Hydrotomie percutanée : l’injection d’eau de mer comme technique de soin alternative

Qu’est-ce que l’hydrotomie percutanée ?

En France, le soin à l’eau de Quinton est autorisé seulement par voie orale, sous forme d’ampoules à avaler et avec la prescription d’un médecin. L’Autorisation de Mise sur le Marché (AMM) a en effet interdit l’injection d’eau de Quinton, sauf si la technique utilisée est l’hydrotomie percutanée.

L’hydrotomie percutanée est une technique de soin qui consiste à injecter de l’eau de Quinton isotonique au patient par voie intradermique ou sous-cutanée. Il s’agit d’une technique reconnue par les divers organismes de santé et qui a déjà fait ses preuves. En France, elle est promue par l’Association Internationale d’Hydrotomie Percutanée (A.I.H.P), présidée par le Dr Bernard Guez, qui a pour objectif de faciliter la mise en relation des patients et des praticiens formés à cette technique particulière.

Que soigne l’hydrotomie percutanée à l’eau de mer ?

La principale application de cette technique de soin est le soulagement des douleurs articulaires et du dos. En effet, cette technique permet de régénérer les disques vertébraux et de soulager les douleurs liées à l’arthrose au niveau des articulations (genoux, hanches, etc.)

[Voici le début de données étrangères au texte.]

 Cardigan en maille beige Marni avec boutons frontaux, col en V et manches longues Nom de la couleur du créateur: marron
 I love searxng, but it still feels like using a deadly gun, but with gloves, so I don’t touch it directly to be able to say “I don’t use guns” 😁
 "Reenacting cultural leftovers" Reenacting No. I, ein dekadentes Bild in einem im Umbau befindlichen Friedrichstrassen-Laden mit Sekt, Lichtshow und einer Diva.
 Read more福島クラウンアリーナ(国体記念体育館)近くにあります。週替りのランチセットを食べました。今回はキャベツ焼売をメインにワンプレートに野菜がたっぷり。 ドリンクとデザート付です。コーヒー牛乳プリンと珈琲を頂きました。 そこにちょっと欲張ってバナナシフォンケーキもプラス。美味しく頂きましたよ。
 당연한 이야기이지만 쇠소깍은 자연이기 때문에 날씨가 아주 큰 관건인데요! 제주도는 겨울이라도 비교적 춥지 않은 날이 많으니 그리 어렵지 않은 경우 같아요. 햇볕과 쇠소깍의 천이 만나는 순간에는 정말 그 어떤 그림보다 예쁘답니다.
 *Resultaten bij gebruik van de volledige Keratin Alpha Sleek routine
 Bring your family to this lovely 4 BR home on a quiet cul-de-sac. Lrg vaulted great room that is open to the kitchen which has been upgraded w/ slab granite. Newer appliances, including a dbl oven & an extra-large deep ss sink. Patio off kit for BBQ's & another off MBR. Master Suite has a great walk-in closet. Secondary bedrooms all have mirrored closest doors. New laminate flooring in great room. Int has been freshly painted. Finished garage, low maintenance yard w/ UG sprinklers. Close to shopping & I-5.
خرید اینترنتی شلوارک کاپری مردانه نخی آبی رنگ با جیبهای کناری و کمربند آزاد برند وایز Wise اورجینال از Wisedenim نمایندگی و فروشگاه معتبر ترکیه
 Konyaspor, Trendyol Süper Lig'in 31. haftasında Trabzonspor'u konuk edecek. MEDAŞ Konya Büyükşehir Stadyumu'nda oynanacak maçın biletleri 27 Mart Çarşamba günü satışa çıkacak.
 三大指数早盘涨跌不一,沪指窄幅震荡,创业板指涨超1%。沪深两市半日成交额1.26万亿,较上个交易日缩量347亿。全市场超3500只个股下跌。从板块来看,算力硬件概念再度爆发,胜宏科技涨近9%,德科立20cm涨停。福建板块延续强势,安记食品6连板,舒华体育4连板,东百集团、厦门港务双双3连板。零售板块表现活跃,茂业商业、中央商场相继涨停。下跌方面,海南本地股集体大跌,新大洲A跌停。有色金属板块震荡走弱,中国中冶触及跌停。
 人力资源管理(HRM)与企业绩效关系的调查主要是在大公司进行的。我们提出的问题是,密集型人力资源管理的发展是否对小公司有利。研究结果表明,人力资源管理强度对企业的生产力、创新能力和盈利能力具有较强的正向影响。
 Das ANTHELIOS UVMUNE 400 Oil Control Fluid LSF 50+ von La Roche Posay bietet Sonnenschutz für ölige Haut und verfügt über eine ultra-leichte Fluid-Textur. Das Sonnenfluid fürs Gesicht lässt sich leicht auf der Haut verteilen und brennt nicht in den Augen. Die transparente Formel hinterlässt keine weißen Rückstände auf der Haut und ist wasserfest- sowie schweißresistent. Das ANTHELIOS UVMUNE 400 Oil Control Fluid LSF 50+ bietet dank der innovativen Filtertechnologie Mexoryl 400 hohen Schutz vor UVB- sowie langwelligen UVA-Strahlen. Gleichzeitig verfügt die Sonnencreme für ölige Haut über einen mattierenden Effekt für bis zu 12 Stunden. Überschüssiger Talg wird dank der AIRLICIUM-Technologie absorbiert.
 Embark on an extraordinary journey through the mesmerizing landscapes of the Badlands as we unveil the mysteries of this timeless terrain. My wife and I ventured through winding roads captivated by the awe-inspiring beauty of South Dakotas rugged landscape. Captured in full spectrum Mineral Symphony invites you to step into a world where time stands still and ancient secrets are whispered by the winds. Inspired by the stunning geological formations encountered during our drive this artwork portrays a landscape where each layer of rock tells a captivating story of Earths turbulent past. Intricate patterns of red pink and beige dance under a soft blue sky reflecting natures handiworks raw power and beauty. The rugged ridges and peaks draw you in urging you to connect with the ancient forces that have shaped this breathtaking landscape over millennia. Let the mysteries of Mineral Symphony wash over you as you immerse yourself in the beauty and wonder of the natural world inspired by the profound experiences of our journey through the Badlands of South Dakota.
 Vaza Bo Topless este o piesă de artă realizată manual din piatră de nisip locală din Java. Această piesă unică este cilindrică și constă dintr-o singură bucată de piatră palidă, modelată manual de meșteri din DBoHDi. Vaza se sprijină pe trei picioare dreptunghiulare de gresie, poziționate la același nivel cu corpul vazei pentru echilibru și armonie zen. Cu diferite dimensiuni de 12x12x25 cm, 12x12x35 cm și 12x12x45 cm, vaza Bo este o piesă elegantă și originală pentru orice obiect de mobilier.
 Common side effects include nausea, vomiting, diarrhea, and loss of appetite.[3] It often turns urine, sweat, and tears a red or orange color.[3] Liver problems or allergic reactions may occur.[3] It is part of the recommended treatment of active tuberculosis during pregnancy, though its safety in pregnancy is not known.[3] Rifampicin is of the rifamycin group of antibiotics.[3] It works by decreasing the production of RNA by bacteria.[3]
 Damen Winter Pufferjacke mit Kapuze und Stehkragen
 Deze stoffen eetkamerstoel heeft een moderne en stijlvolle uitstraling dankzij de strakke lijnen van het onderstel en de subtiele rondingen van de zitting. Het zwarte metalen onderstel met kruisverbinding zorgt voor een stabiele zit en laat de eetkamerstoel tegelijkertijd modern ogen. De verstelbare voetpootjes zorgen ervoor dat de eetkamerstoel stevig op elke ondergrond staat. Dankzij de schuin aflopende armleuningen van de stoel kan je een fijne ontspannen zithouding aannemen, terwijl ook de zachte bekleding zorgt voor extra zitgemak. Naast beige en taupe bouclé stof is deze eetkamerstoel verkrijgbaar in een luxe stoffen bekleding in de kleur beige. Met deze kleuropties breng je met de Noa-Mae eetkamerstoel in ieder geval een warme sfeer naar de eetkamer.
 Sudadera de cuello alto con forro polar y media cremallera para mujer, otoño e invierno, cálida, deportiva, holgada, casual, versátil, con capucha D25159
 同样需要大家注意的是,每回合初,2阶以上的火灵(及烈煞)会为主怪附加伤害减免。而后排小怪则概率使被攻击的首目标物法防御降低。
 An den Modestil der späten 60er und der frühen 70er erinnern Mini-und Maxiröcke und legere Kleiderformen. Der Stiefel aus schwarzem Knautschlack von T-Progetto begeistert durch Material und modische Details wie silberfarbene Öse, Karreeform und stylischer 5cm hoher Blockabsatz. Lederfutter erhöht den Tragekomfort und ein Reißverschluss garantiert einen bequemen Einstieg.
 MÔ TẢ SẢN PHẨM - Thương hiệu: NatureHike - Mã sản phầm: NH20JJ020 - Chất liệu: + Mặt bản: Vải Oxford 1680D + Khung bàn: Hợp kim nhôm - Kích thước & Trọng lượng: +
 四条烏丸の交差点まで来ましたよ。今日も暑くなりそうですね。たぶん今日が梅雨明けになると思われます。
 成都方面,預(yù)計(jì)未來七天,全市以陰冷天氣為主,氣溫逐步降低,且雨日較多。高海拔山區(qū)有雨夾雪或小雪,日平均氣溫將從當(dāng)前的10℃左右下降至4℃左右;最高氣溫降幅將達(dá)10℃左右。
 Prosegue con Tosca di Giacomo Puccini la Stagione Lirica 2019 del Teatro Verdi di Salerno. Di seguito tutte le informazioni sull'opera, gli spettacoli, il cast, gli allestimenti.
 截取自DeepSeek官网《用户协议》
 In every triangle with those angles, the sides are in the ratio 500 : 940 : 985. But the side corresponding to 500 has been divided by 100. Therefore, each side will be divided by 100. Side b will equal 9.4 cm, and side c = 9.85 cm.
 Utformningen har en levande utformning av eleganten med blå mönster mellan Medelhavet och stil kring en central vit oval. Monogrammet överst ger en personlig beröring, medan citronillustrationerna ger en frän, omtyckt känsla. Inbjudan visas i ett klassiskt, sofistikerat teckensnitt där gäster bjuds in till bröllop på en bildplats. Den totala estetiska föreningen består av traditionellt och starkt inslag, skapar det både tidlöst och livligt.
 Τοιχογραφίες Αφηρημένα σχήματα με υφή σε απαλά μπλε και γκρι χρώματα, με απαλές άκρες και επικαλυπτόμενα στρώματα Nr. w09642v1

De nombreux témoignages de patients ont montré que l’hydrotomie percutanée était réellement efficace pour soulager ce type de douleur et que l’effet était plutôt rapide (quelques jours après la première séance seulement).

L’arthrose au genou et la hernie discale sont les deux problèmes pour lesquels on prescrit le plus l’hydrotomie percutanée. Dans le cas de l’hernie discale, l’objectif est de permettre au disque, ce coussinet naturel situé entre les vertèbres, de se regonfler en se gorgeant d’eau. Cela a pour effet de lui redonner une taille « normale » et ainsi de faire disparaitre l’hernie.

On utilise également cette technique dans le traitement de divers autres types de problèmes, comme par exemple :

  • les migraines
  • les douleurs aux tempes ou aux mâchoires
  • les acouphènes
  • le mal de dos
  • les névralgies et sciatiques
  • le stress
  • l’anxiété
  • la dépression légère
  • les maladies du côlon comme la colite ou la maladie de Croh
  • les inflammations comme la rhinite, la sinusite, la bronchite…

Enfin, on peut l’utiliser pour traiter des problèmes plus superficiels comme la cellulite ou la chute des cheveux.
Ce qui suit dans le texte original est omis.